EXERCISE OBJECTIVE: Retype the lines below exactly, from the one that contains "Green leaf with" through the last, and leave every picture out.

[[ TASK MATERIAL, beginning ]]

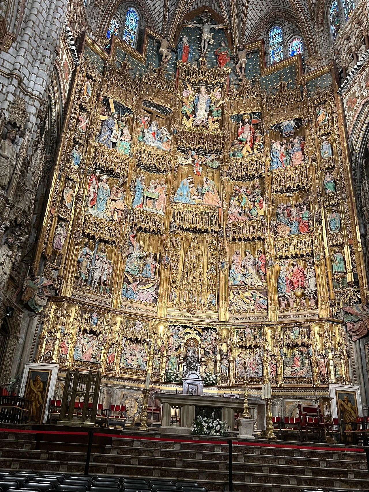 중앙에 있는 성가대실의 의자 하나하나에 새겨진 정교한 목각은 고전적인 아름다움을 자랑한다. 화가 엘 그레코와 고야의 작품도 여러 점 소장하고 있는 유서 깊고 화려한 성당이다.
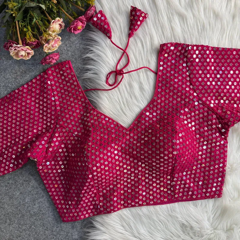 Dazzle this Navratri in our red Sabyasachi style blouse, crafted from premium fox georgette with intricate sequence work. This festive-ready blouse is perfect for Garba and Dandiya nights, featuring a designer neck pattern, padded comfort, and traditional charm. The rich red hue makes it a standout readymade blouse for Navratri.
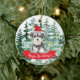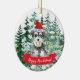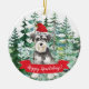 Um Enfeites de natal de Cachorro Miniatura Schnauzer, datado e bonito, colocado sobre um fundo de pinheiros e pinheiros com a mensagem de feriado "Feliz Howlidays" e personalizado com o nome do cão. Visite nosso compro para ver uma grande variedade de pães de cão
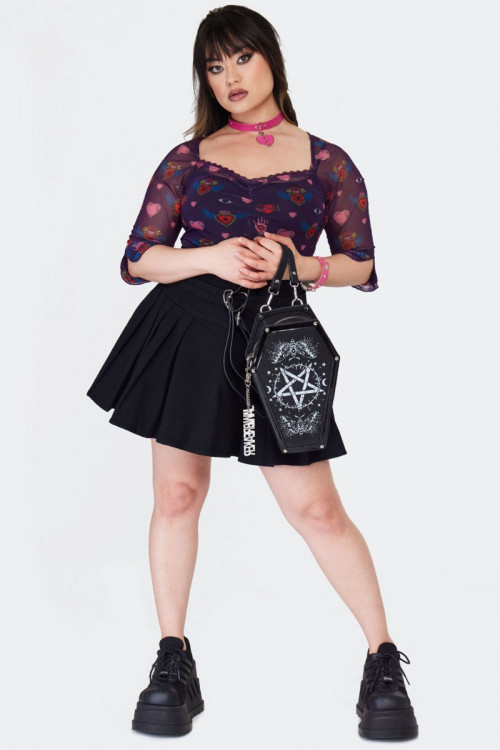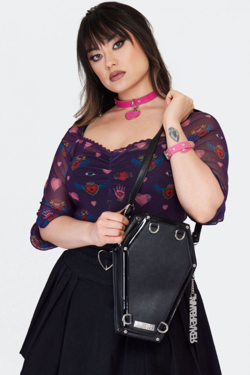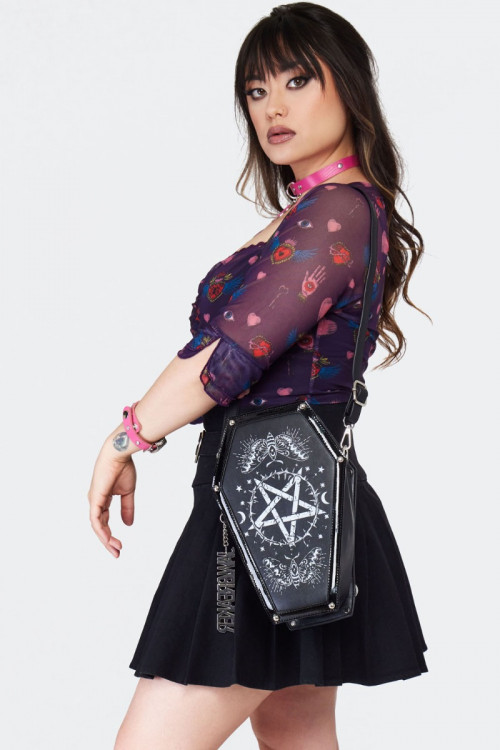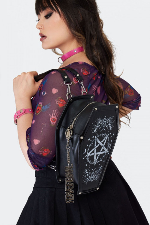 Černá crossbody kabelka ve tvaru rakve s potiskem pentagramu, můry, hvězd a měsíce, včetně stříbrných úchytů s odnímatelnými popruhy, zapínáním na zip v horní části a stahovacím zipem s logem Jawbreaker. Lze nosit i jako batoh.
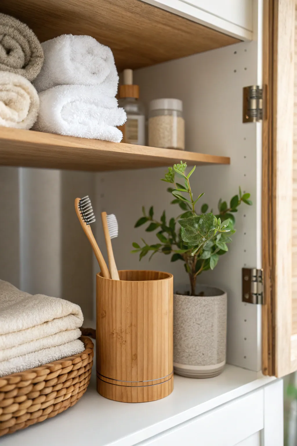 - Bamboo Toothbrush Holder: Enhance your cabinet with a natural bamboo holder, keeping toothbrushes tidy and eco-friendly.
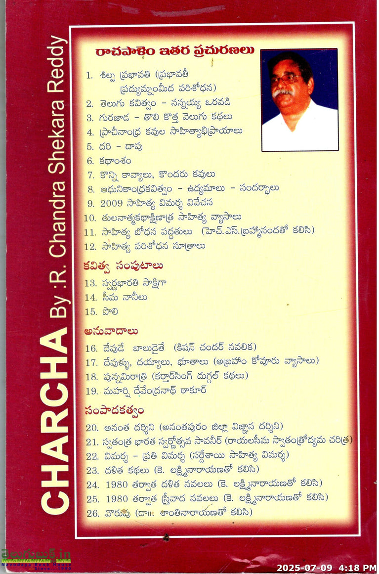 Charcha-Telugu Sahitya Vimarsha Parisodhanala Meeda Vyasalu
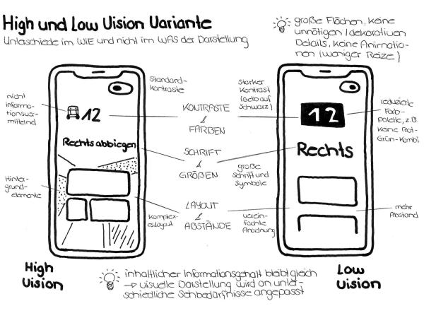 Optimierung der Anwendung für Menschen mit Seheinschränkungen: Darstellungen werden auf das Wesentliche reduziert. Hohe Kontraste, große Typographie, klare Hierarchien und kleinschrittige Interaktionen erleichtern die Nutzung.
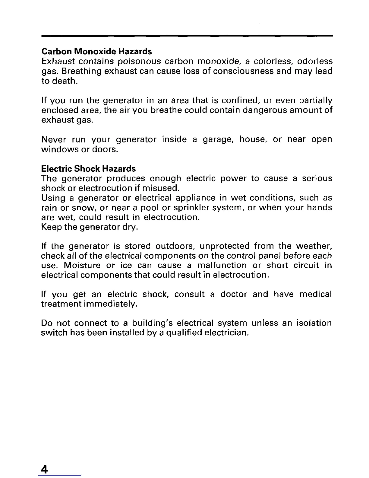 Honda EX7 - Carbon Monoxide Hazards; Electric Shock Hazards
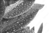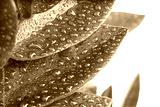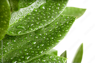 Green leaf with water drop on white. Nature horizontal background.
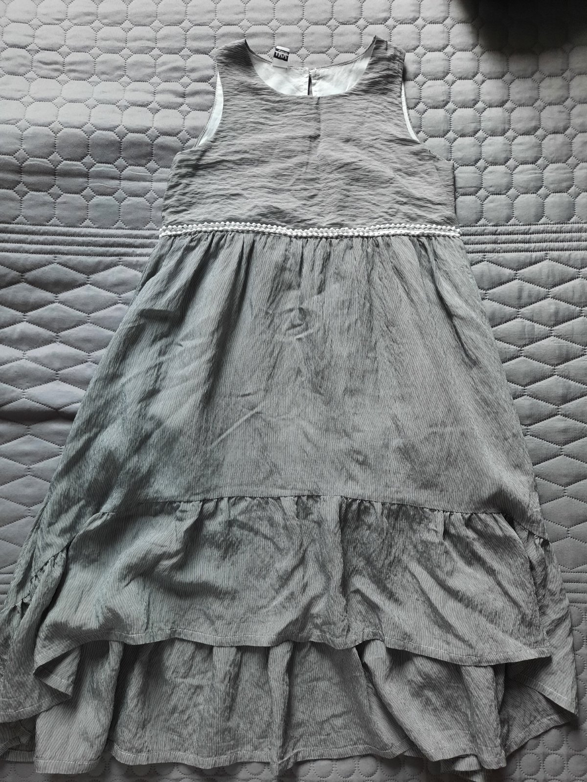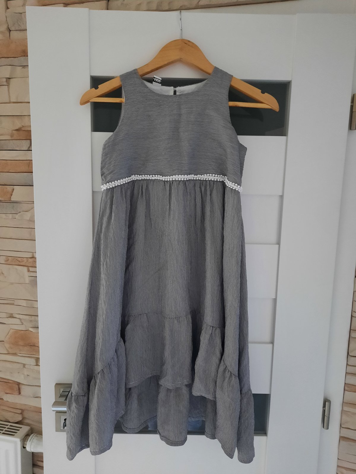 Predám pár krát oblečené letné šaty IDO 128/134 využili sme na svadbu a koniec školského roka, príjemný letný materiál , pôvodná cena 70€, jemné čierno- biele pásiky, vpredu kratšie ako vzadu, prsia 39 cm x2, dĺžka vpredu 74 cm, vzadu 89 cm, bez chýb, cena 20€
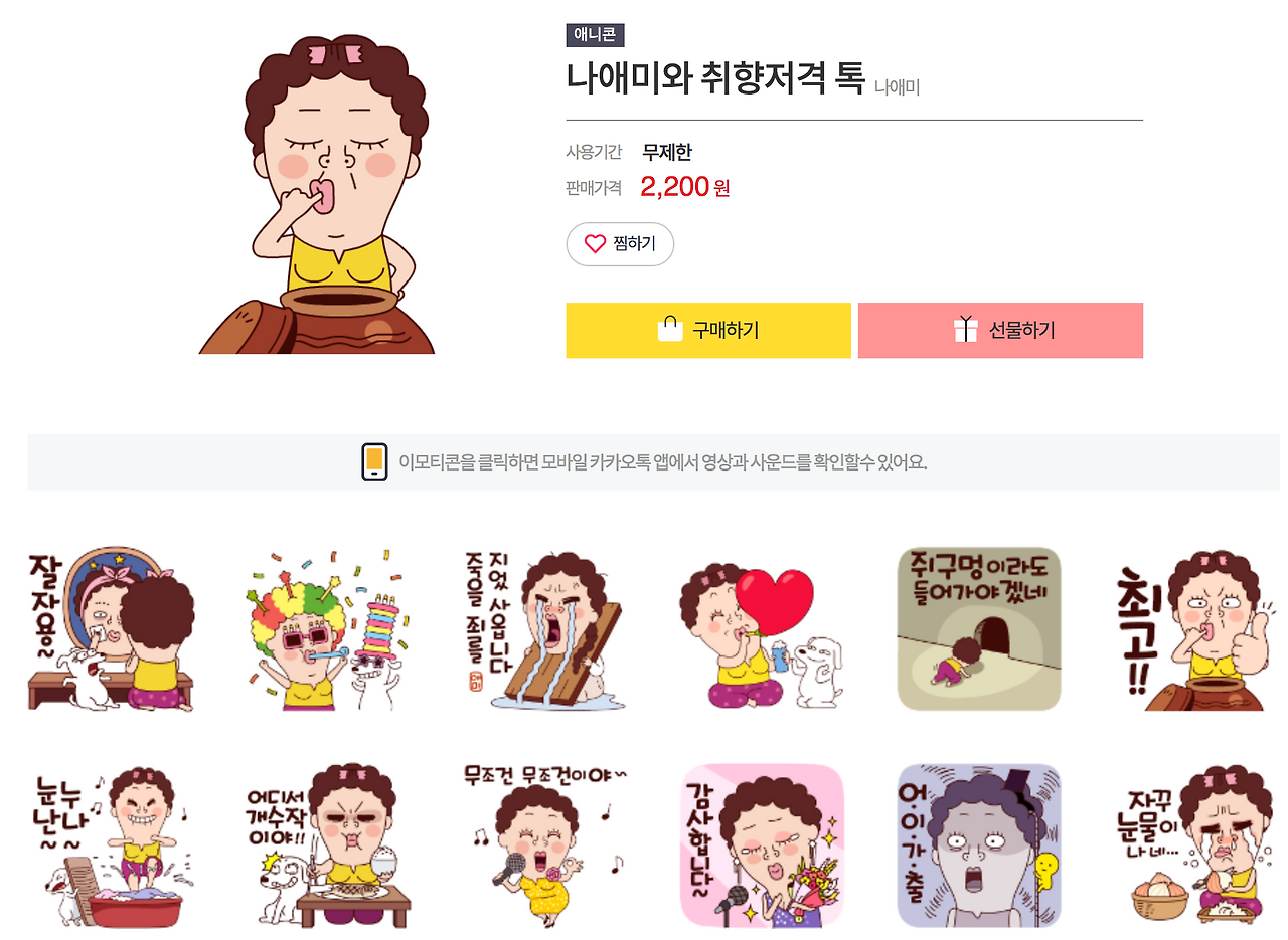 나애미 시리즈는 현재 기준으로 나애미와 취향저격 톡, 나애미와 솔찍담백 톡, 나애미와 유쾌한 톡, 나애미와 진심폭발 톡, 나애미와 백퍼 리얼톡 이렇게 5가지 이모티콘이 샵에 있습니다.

[[ TASK MATERIAL, end ]]

RESULT:
 Green leaf with water drop on white. Nature horizontal background.
 Predám pár krát oblečené letné šaty IDO 128/134 využili sme na svadbu a koniec školského roka, príjemný letný materiál , pôvodná cena 70€, jemné čierno- biele pásiky, vpredu kratšie ako vzadu, prsia 39 cm x2, dĺžka vpredu 74 cm, vzadu 89 cm, bez chýb, cena 20€
 나애미 시리즈는 현재 기준으로 나애미와 취향저격 톡, 나애미와 솔찍담백 톡, 나애미와 유쾌한 톡, 나애미와 진심폭발 톡, 나애미와 백퍼 리얼톡 이렇게 5가지 이모티콘이 샵에 있습니다.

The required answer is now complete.